→ **Exercise brief**: Leave out the pictures and repeat exactly the lines from the one containing "- Leather, stainless steel" through the final line of the listing below.
··· Material provided ···
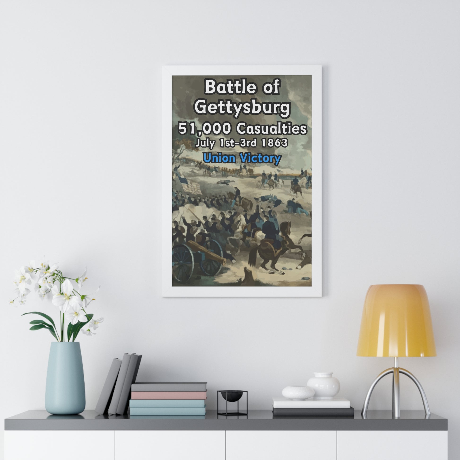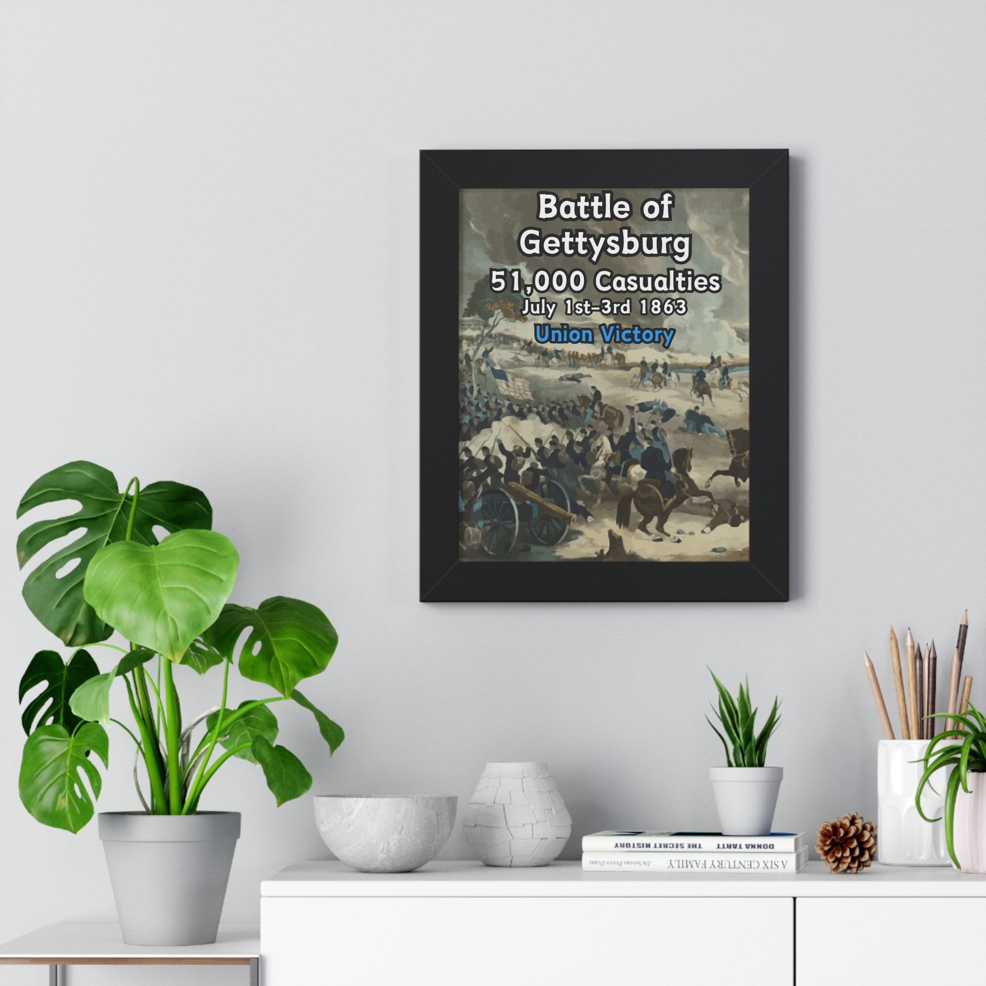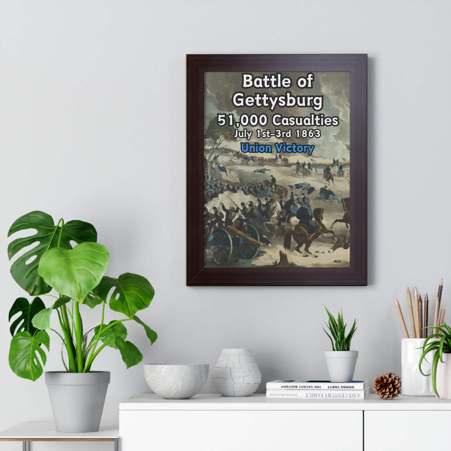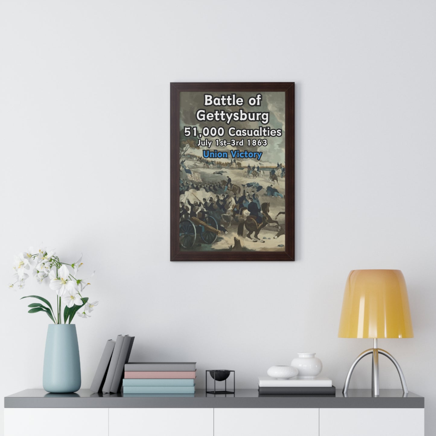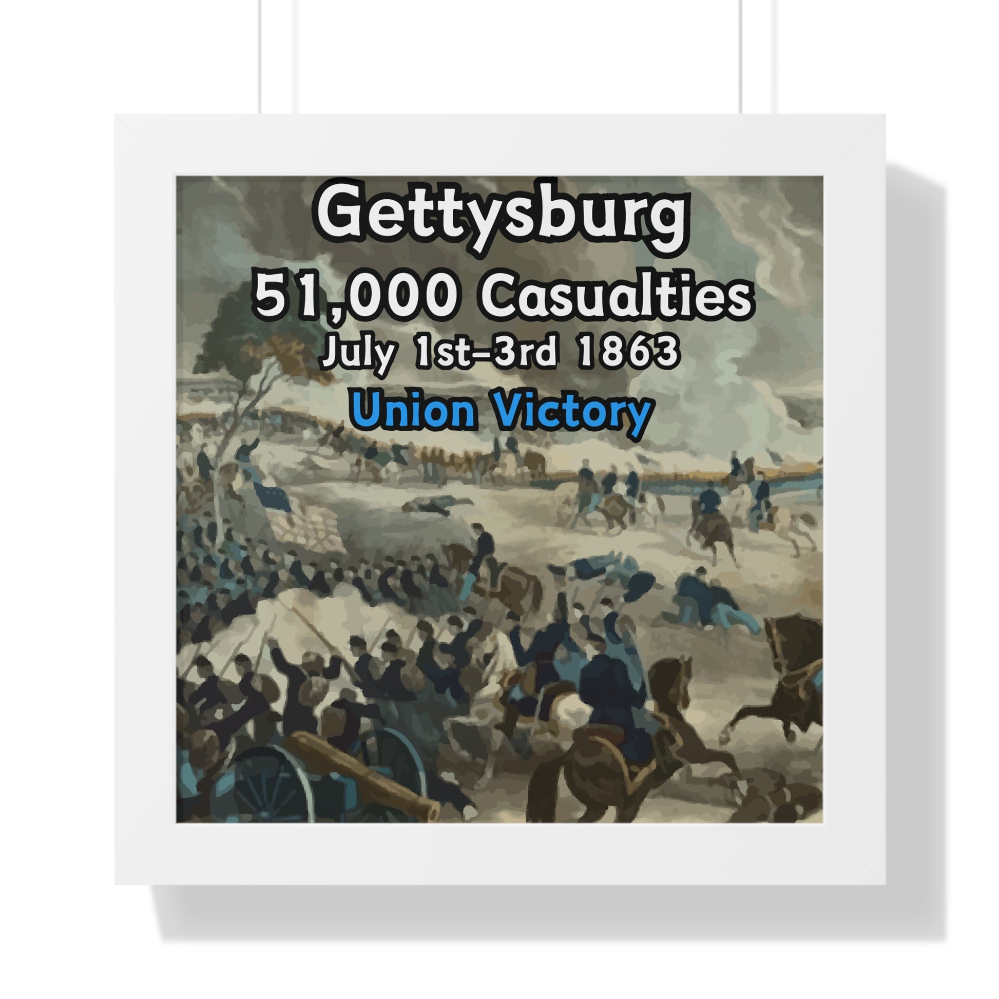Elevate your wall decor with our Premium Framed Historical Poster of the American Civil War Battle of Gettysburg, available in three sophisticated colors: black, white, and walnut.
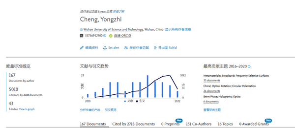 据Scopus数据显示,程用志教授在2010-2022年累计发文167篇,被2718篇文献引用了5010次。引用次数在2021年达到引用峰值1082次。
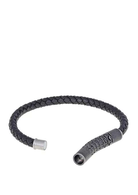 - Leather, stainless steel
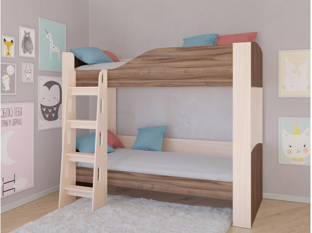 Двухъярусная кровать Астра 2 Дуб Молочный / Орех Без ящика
···
→ **Result for this task**:
 - Leather, stainless steel
 Двухъярусная кровать Астра 2 Дуб Молочный / Орех Без ящика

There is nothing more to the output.